Filter the dataset view by type for a clean per-mode table, or export the whole run as JSON/CSV/Excel.
Reliability
- HTTP-based (no browser) → fast and cheap.
- Every request is isolated — one product failing never corrupts another's result (a common bug in other Amazon actors).
- Amazon occasionally rate-limits or serves a bot check; the actor retries on a fresh proxy session automatically. If a page stays blocked after retries, it's reported as an
errorrow and — because billing is pay-per-result — it costs you nothing. - Residential proxies are the default and give the best success rate. Datacenter IPs get blocked quickly; not recommended.
Pricing (pay-per-result)
| Event | Price |
|---|---|
| Actor start | $0.01 per run |
| Result (Search / Best sellers / New releases / Seller / Suggestions) | $0.002 each |
| Product detail (full record) | $0.0075 each |
You are charged only for results actually returned. A run that gets blocked and returns nothing costs only the actor-start fee.
Notes & limits
- This scrapes public Amazon listing/catalog data. It does not scrape individual review text (Amazon login-walls full reviews) — a product's average rating and review count are included, but not the review bodies.

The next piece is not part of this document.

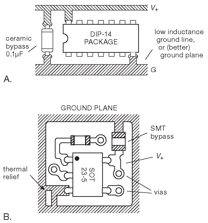 Рис. 10.98 Использование мощных низкоиндуктивных линий земли и активное употребление развязочных конденсаторов - хорошее решение для любых схем. (A) Для недорогих двухслойных плат можно использовать гребёнчатую разводку питания. (B) Ещё лучше потратиться на многослойную плату, отвести сплошной слой земли и ставить конденсаторы в корпусах для поверхностного монтажа. Верхний слой обычно оставляют для сигнальных линий, а слои питания располагают внутри. ( Здесь слой питания расположен в верхнем слое для наглядности, но такой вариант подходит для двусторонних плат )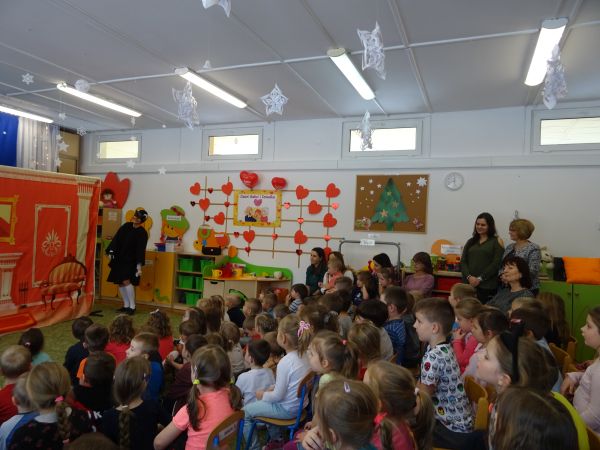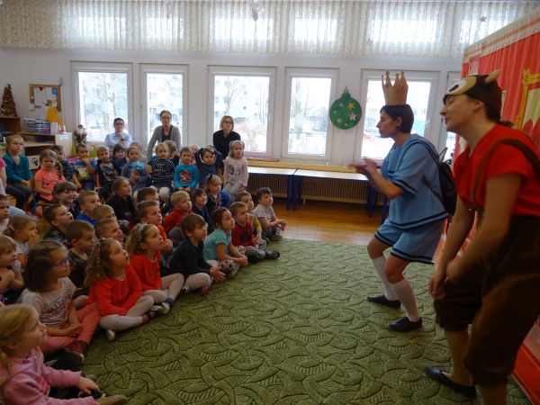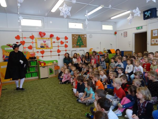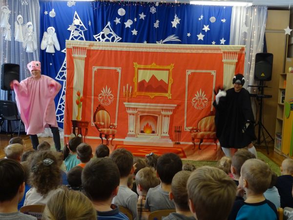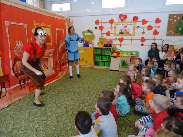 22.01.2019r. przedszkolaki obejrzały spektakl pt: "Krótkie nogi" w wykonaniu Teatrzyku Zielony Melonik. Bohaterem historii jest mały, rozkapryszony książe Karolek, który nie lubi szkoły oraz jego najlepszy przyjaciel małpka Pestka. Pewnego dnia małpka zachęca Karolka do pójścia na wagary. Dzięki utożsamieniu się z głównym bohaterem historii i jego dylematami nasze przedszkolaki mogły podjąć refleksję i zrozumieć, że kłamać zwyczajnie nie warto, że kłamstwo przynosi więcej szkód niż pożytku, a prawda zawsze wychodzi na jaw.

- Price is returned for the vast majority of products. A small number legitimately have no price (pre-orders, "see buying options", currently-unavailable items), and Amazon occasionally serves a page variant where the price is loaded dynamically — Product mode automatically re-fetches to recover it, but
pricecan still benullin those cases. All other fields are unaffected. - Category slugs vary by marketplace — copy them from the Best Sellers URL on the marketplace you're targeting.
- Respect Amazon's Terms of Service and applicable laws; you are responsible for how you use scraped data.